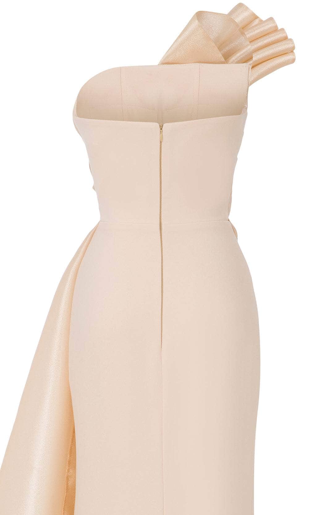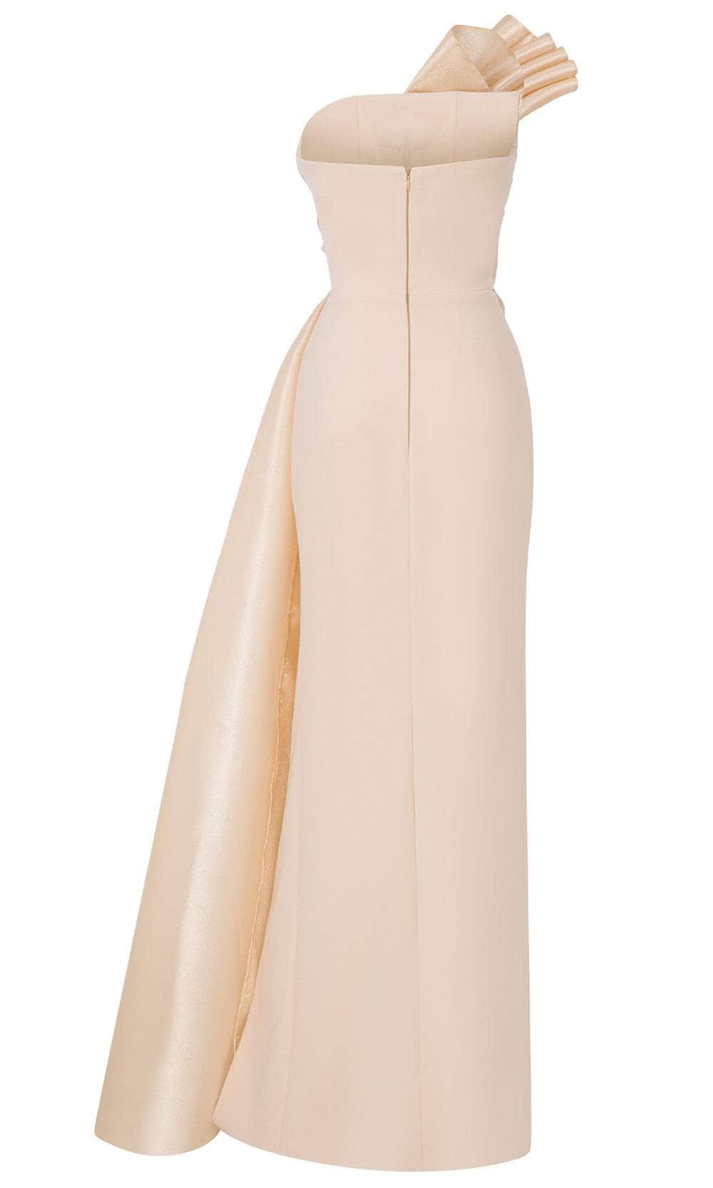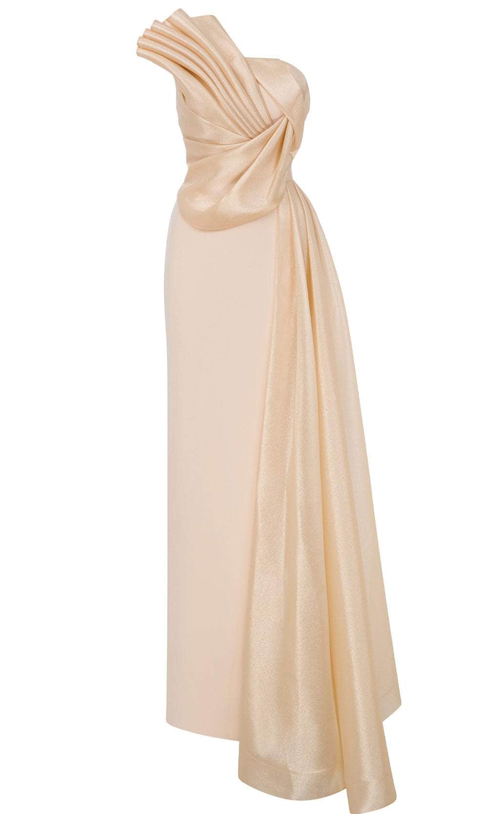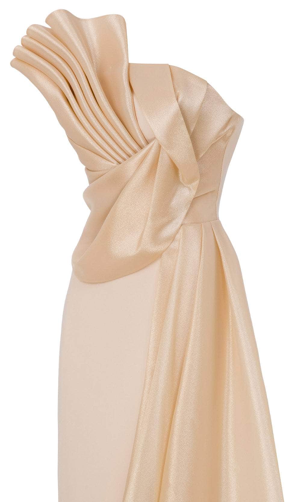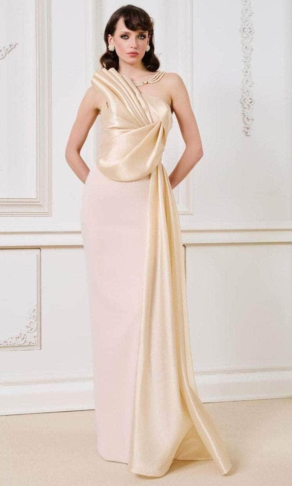Indulge in sculptural sophistication with MNM Couture B1130, a strapless long dress that exudes timeless grace. It features a chic asymmetric neckline, mid-open back and a sexy thigh-high leg slit. The pleated bodice creates a rich textural element that wraps around the torso, forming an elegant swirl that anchors the draped accent cascading from shoulder to waist. Its smooth column silhouette enhances the figure with understated precision, creating a powerful visual presence. Command attention with MNM Couture B1130, where classic form meets modern artistry. Model is wearing Gold color.
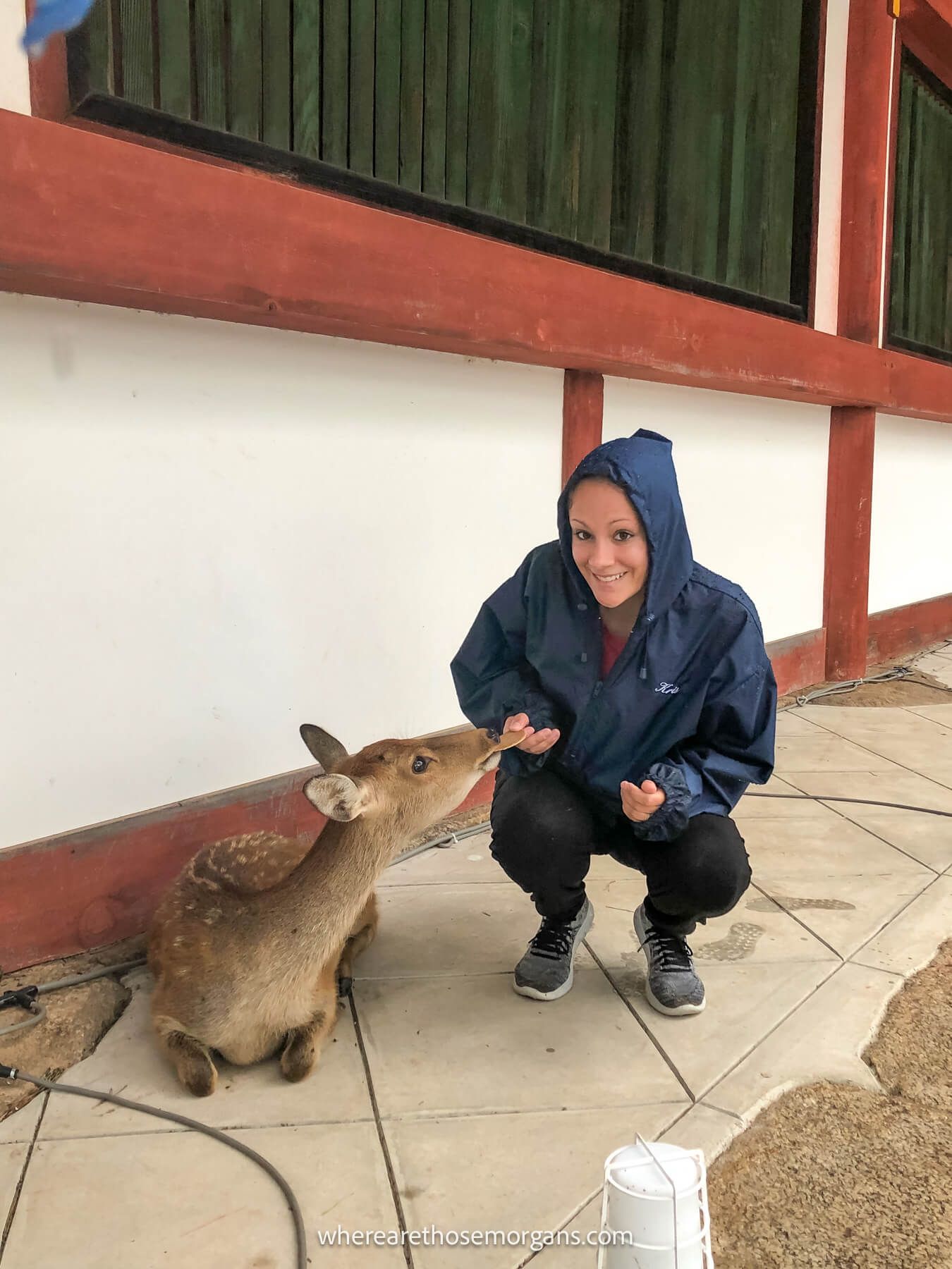 Even as a huge animal lover, Kristen was nervous to re-visit the deer park in Nara after our first trip. Remember, even if the deer appear calm, they are still wild and undomesticated animals. When researching, we found this article about the increase in visitors being injured by the deer, which didn’t surprise us.
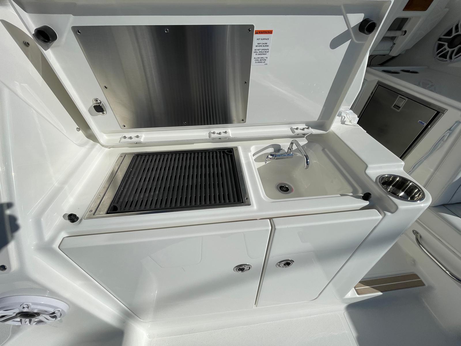 The Pursuit OS 325 is loaded with premium features that set it apart from other cruiser boats for sale. The SeaKeeper Ride 600 stabilizer enhances onboard comfort by minimizing roll, ensuring a smooth and steady experience even in choppy conditions. The helm and footrest, finished in a sophisticated carbon color, provide a modern touch and ergonomic support for long days at the wheel. Inside, the tranquil seas interior fabric and upgraded white upholstery create a serene and inviting atmosphere, perfect for relaxing after a day on the water.For those who value comfort and convenience, the OS 325 is equipped with a generator and a 16-gallon diesel tank, ensuring reliable power for extended trips. The cabin air conditioning with reverse cycle 110v/60Hz keeps the interior climate-controlled, offering respite from the summer heat or chilly evenings. Every detail, from the hull’s fresh white finish to the navy bootstripe, reflects Pursuit’s commitment to quality and style.
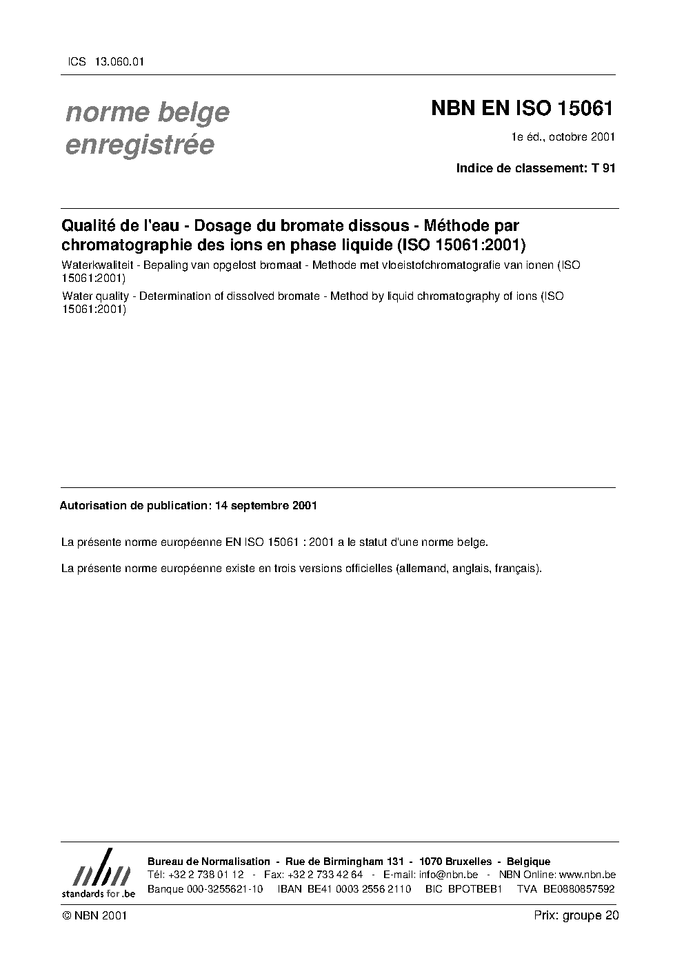 | Publisher | Bureau de Normalisation Belge (NBN) |
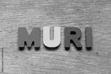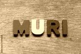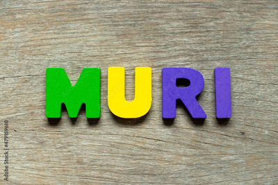 Color alphabet letter in word muri on wood background
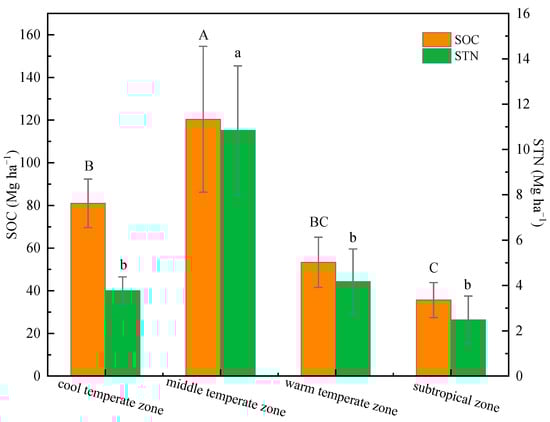 Storages of SOC and STN in forest soils of different climatic zones. Differing capital letters indicate significantly different SOC storages between different climatic zones, while differing lowercase letters represent significantly different STN storages between different climatic zones.
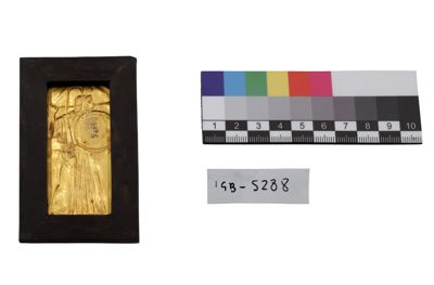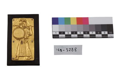 Il manufatto si presenta come una placca in oro di piccole dimensioni ad imitazione stile etrusco-romano e iconografie antiche: qui è raffigurata probabilmente la dea Minerva con elmo, lancia e scudo.
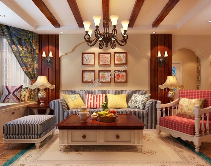 详情田园风格120㎡三居客厅沙发背景墙家装效果图
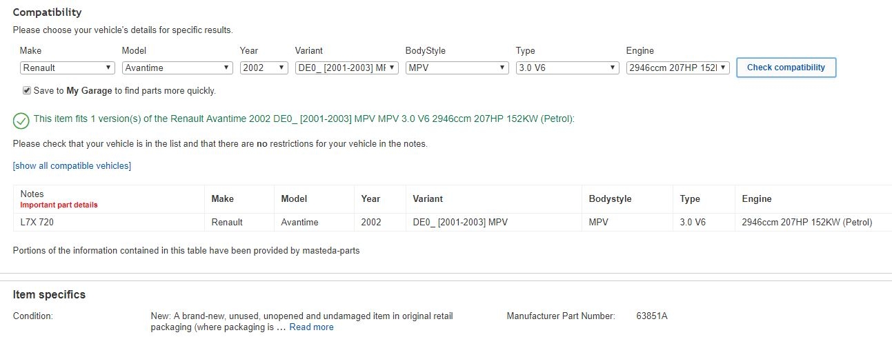 Righto have ordered 63815, not 63851 this time. Talk about swiss cheese holes aligning. Both being sold as Avantime& espace fitments, beware of this folly fellow forumters! Save yourselves, its too late for me. What are the chances etc. Will be here on Tuesday. Might try and fit it myself next Friday, weather permitting. Hey ho/hurumph.
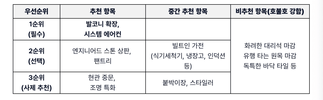 • 대표 항목 : 발코니 확장(필수), 시스템 에어컨(전실 설치 추천), 팬트리 수납 강화
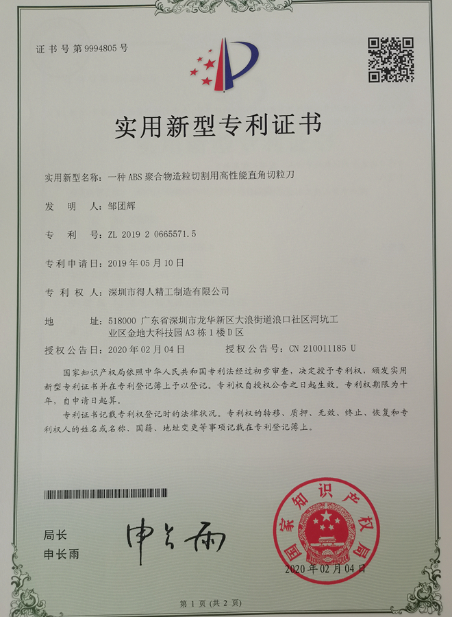 直角切粒刀片专利
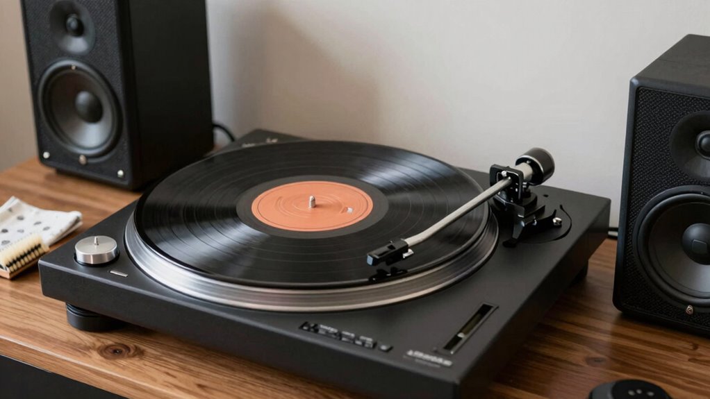 Once you have your turntable, consider the essential turntable accessories that will enhance your vinyl experience. A good slipmat prevents slipping and reduces static, which can affect sound quality. An anti-static brush is a must-have for cleaning your records before and after playing to avoid dust and static buildup. For better sound, you might want to invest in a quality cartridge and stylus, which greatly influence audio clarity. A record weight or clamp can also improve contact between the record and platter, leading to fewer vibrations and better sound. These accessories not only improve your listening experience but also help preserve your records, extending their lifespan.
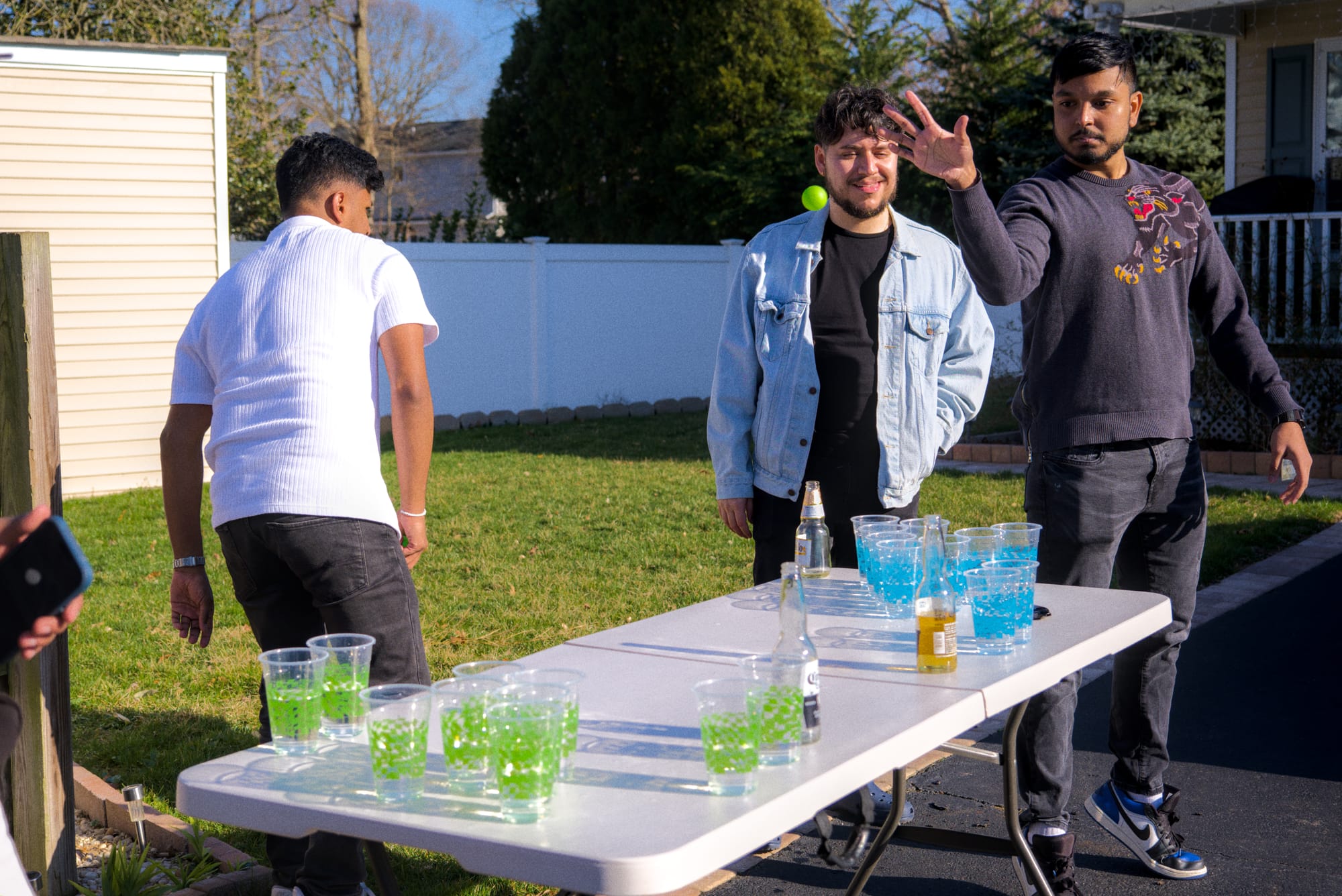 It was a nice day and our cousin's place was only 10-15 minutes away so we headed back to keep the good times going. With a bunch of beers, some cup pong setup, and the grill going, we played cup pong for a good long while while chilling in the yard.

◇ ◇ ◇

Exercise details: The reply should hold exactly the lines above, starting at the line with "Color alphabet letter" and ending at the line with "Storages of SOC", and no pictures.

Answer space:
 Color alphabet letter in word muri on wood background
 Storages of SOC and STN in forest soils of different climatic zones. Differing capital letters indicate significantly different SOC storages between different climatic zones, while differing lowercase letters represent significantly different STN storages between different climatic zones.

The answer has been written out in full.